Introduction
Acute myeloid leukemia (AML) is a clonal hematopoietic stem cell
malignancy, which is characterized by an accumulation of immature
progenitor cells with arrested differentiation causing suppression of
hematopoiesis [1]. Current treatment strategies for patients with
AML include combination chemotherapy, hypomethylation agents (HMAs),
and/or hematopoietic stem cell transplantation (HSCT), which are
generally selected based on clinical, hematological and genetic
prognostic indicators [2].
Nucleoporin 98 gene (NUP98) is fused to a variety of partner genes in a
spectrum of hematologic malignancies, especially pediatric leukemias
with poor prognosis [3]. Nuclear receptor-binding SET domain protein
1 (NSD1) is a member of histone methyltransferases family, which are
essential in development and are mutated in AML, multiple myeloma, and
lung cancers [4]. About 5% of human AMLs harbor the t (5;11) (q35;
p15.5) translocation, which generates NUP98-NSD1 fusion gene [5].

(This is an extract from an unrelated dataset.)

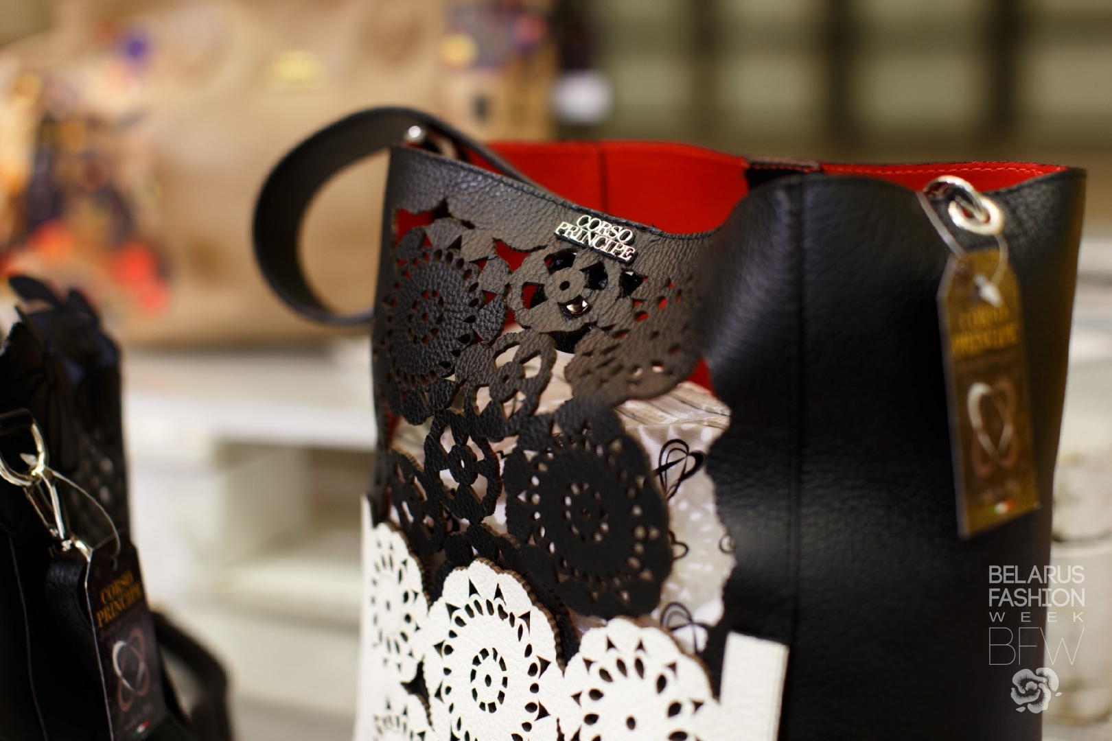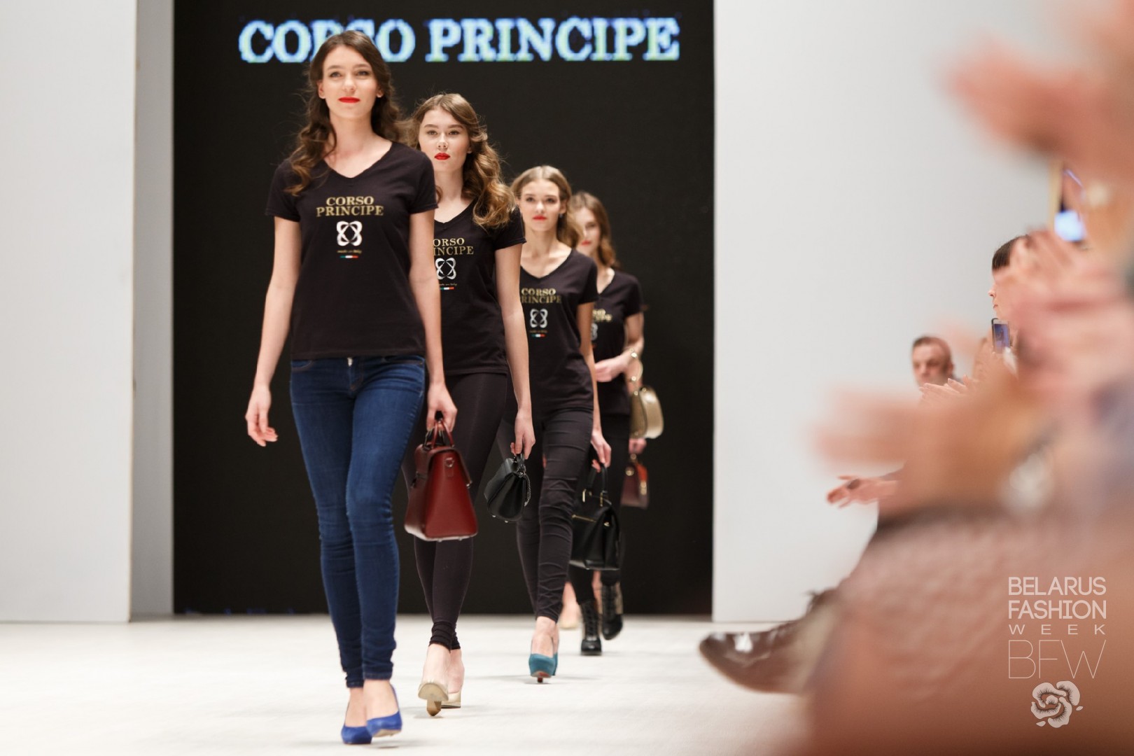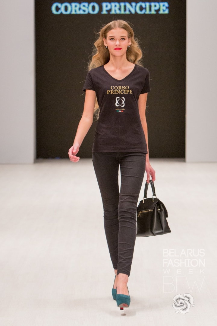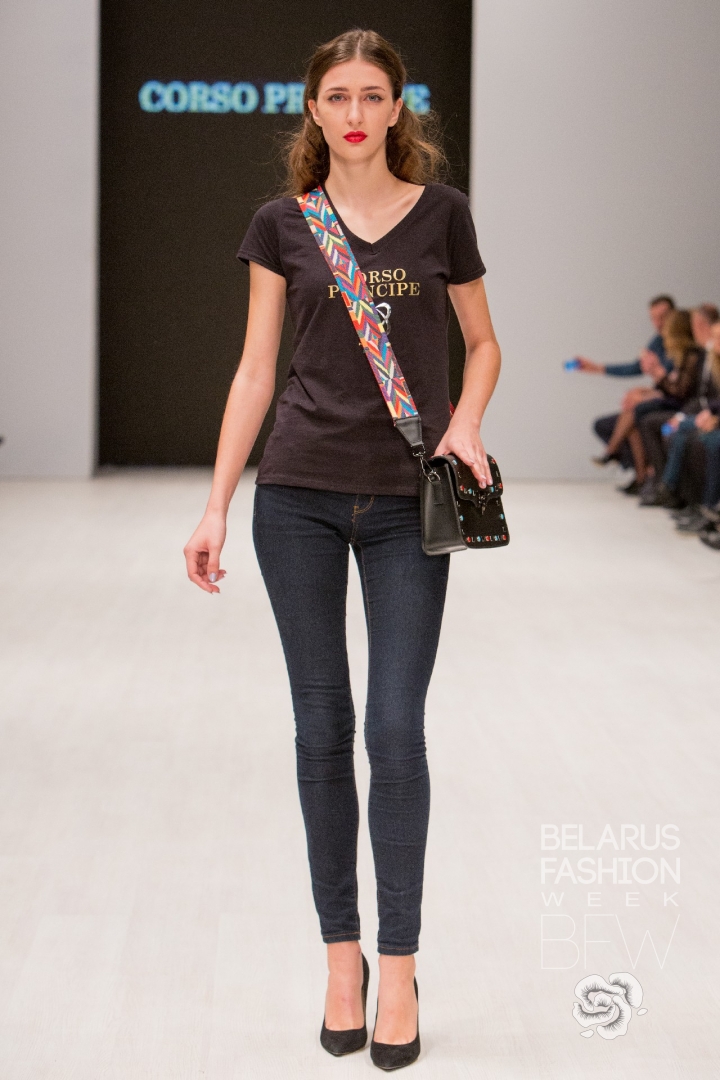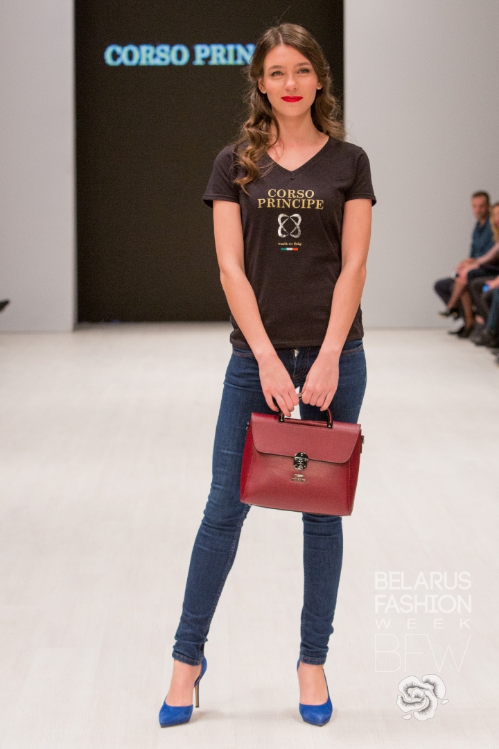 Бренд Corso Principe продемонстрировал сумки из натуральной кожи в сдержанной цветовой гамме. Простота линий и форм уравновешивается нетривиальными акцентами: фурнитурой в виде птиц; декоративными заклепками; широкими фактурными ремнями. Благодаря этому сумки становятся так называемой стилистической палочкой-выручалочкой для женщин в различных обстоятельствах. Очевидным преимуществом коллекции стала ее ценовая доступность.

Gang et al. identified that NUP98-NSD1 induced AML and sustained
self-renewal of myeloid stem cells in vitro [4]. Later several
largescale cohort studies of patients with AML have confirmed that the
presence of NUP98-NSD fusion defines a high-risk leukemia subset with a
low remission and high relapse rates [6, 7].
Despite our current knowledge of the molecular mechanisms and
co-occurring genetic events of AML with NUP98-NSD1 fusion, the ability
to effectively treat patients with these translocations is very limited.
Current therapy strategies for AML patients with NUP98-NSD1 fusion often
employ chemotherapy followed by hematopoietic stem cell transplantation
(HSCT) during the first complete molecular remission. However, many
patients could not achieve complete remission (CR) after conventional
chemotherapy. For cases with poor remission status, salvage
transplantation tends to have low success rates and high recurrence
rates [8].
Here we present a case of successful treatment with
decitabine, aclacinomycin,
cytosine arabinoside (Ara-C), granulocyte-colony stimulating factor
(DCAG) plus Bcl-2 inhibitor, venetoclax in a patient with AML (M2)
expressing NUP98-NSD1 fusion, followed by allogeneic HSCT, who had never
achieved CR after two courses of conventional chemotherapy regimens.